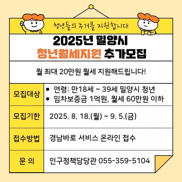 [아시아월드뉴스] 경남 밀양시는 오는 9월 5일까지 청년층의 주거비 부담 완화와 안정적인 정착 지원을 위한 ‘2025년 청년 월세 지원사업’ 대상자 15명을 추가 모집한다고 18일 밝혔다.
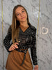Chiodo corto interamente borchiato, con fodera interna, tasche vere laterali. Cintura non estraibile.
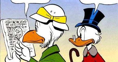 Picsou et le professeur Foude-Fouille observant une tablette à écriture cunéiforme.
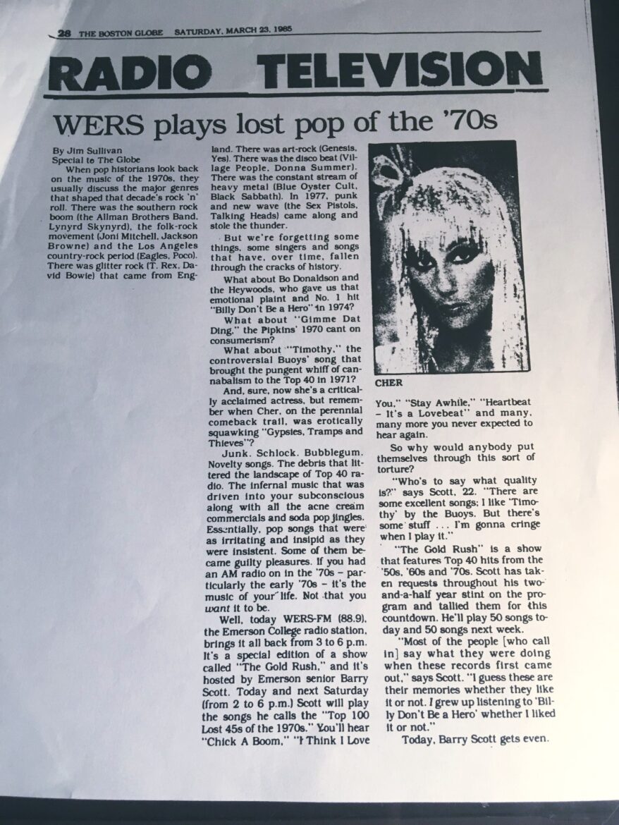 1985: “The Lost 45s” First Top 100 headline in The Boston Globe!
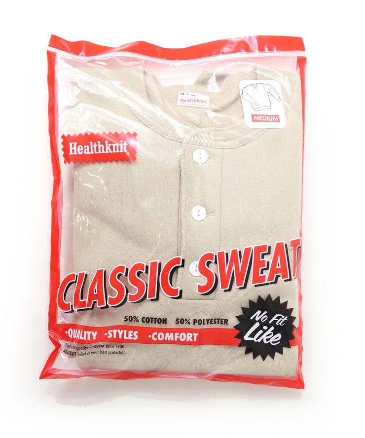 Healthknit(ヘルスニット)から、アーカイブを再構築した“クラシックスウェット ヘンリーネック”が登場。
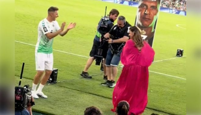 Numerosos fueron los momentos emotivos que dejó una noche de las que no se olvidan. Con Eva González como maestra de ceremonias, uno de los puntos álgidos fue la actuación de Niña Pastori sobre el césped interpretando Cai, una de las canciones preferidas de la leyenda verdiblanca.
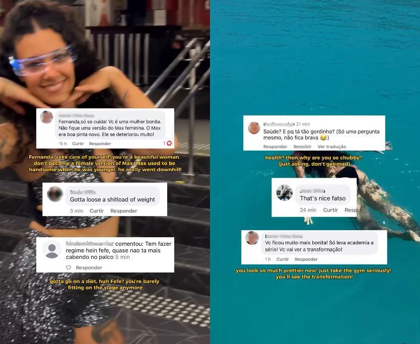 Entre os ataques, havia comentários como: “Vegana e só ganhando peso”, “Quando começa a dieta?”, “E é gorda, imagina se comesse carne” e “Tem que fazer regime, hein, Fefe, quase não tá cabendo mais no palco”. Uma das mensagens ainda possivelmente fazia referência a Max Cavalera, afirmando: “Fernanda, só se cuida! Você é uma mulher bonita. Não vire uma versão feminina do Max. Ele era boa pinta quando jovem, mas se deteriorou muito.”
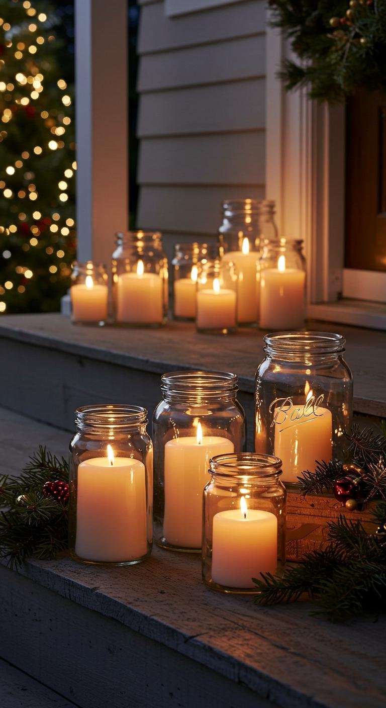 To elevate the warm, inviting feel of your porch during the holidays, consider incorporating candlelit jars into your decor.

**Work item:** Everything above from the line containing "The Boston Globe!" through the line containing "Numerosos fueron los" must be repeated exactly, and the pictures must be left out.

**Reply:**
 1985: “The Lost 45s” First Top 100 headline in The Boston Globe!
 Healthknit(ヘルスニット)から、アーカイブを再構築した“クラシックスウェット ヘンリーネック”が登場。
 Numerosos fueron los momentos emotivos que dejó una noche de las que no se olvidan. Con Eva González como maestra de ceremonias, uno de los puntos álgidos fue la actuación de Niña Pastori sobre el césped interpretando Cai, una de las canciones preferidas de la leyenda verdiblanca.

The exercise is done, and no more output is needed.